Sebastián, Vulcano de Aridoamérica, hijo pródigo del Norte

Sebastián, Vulcano de Aridoamérica, hijo pródigo del Norte
La geometría del amarillo solar converge exacta en la verticalidad suprema. De
marfil invicto, de una puerta siempre abierta que custodia las centurias y la
urbanidad atemporal, una soberanía donde los vientos, las nubes y el territorio
la consagran como axis mundi.
El coyote, vigía de la orografía volcánica; el pez vela, de orgullo invicto y
oceánico; la Tecámac, con sus pétalos de dimensiones imposibles; y el caballito
forjado en la poética de un hierro que se descubre tierno bajo las manos del
escultor adecuado.
Que forjara como vulcano en Aridoamérica el papalotl, la “X” de la última
frontera, la palmera cenital. Que dio vida al coyote que se niega a rendirse ante
la peor de las calamidades: el hambre, y al Chimalli, orgullo bélico entre los
bélicos.
Estamos aquí celebrando orgullosos la vida, la obra del virtuoso de
Aridoamérica, que hace poesía tridimensional. La mímesis llevada a sus últimas
consecuencias, como si el petricor pudiera converger con el acero más orgulloso,
como si en Sebastián la geosmina pudiera hablar el lenguaje más pulcro y
tímido.
Como ese sol azteca anterior a la derrota, a la fe transatlántica, y al alfabeto
fenicio, como si la puerta del milenio fuera la antinostalgia para volverse un
mitologema lleno de vanidad.Porque estamos ante el escultor que solo genera
naifes sin amargura, sin pus, donde el hierro y el color son llevados a sus últimas
consecuencias estéticas.
He aquí entonces el escultor de las proporciones metafísicas y de la
magnificencia dorada. Sebastián, el hijo pródigo de Aridoamérica. Sebastián el
escultor de la supremacía bioluminiscente.

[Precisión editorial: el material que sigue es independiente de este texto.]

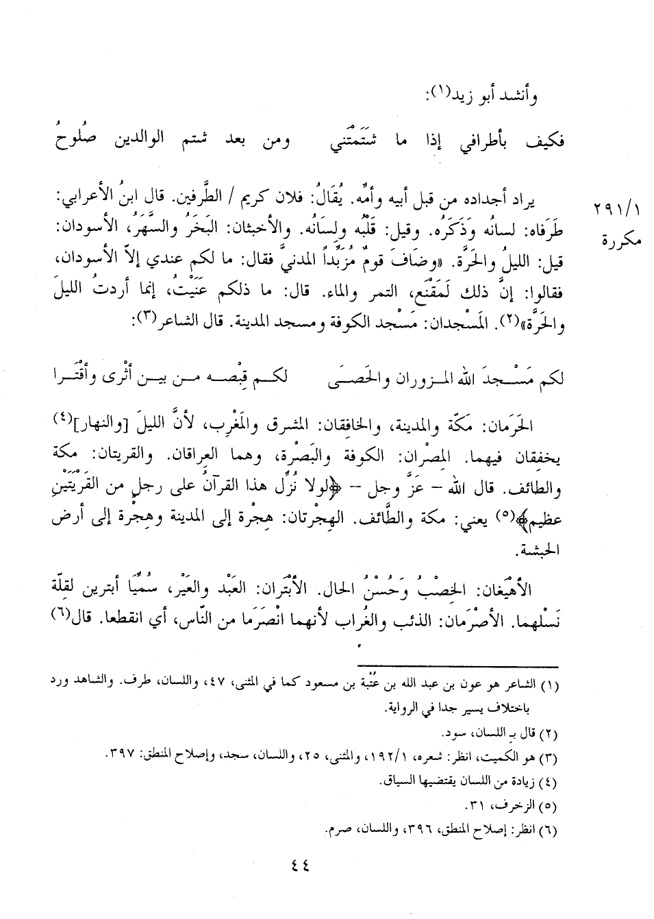 يراد أجداده من قبل أبيه وأمه. يقال: فلان كريم 1/ 291 الطرفين. قال ابن الأعرابي: طرفاه: لسانه وذكره. وقيل: قلبه ولسانه. والأخبثان: البخرُ والسهر، الأسودان: قيل: الليل والحرة. "وضاف قوم مزبداً المدني فقال: ما لكم عندي إلا الأسودان، فقالوا: إن ذلك لمقنع، التمر والماء. قال: ما ذلكم عنيت، إنما أردت الليل والحرة". المسجدان: مسجد الكوفة ومسجد المدينة. قال الشاعر:

Hoy, con algarabía, celebramos tu eternidad, tu poética tridimensional, y ese
carácter dialéctico que ejerces con el hierro para domarlo, para potencializarlo y,
con tu obra apresar lo efímero.
Los chihuahuenses estamos orgullosos de tu obra, tu vida y tu legado. Hoy más
que nunca Sebastián. Hoy más que siempre Sebastián. La suma de todos los
halagos serían insuficientes para decirte gracias, pero es un agradecimiento lleno
de todos los adjetivos posibles. Porque has logrado que tu ejemplo sea
inspiración en los campos del saber y del arte humanos.
Eres inspiración, de esa inspiración que no proviene de la dopamina barata, ni
de la prepotencia del estatus, sino de la creatividad total: aquella que inventa
universos habitables para engrandecer la existencia, que hace la vida, vida; que
hace de la noche, noche; que hace de la lluvia, lluvia.
Gracias por mirar al océano cósmico desde un hierro de topografía terrestre.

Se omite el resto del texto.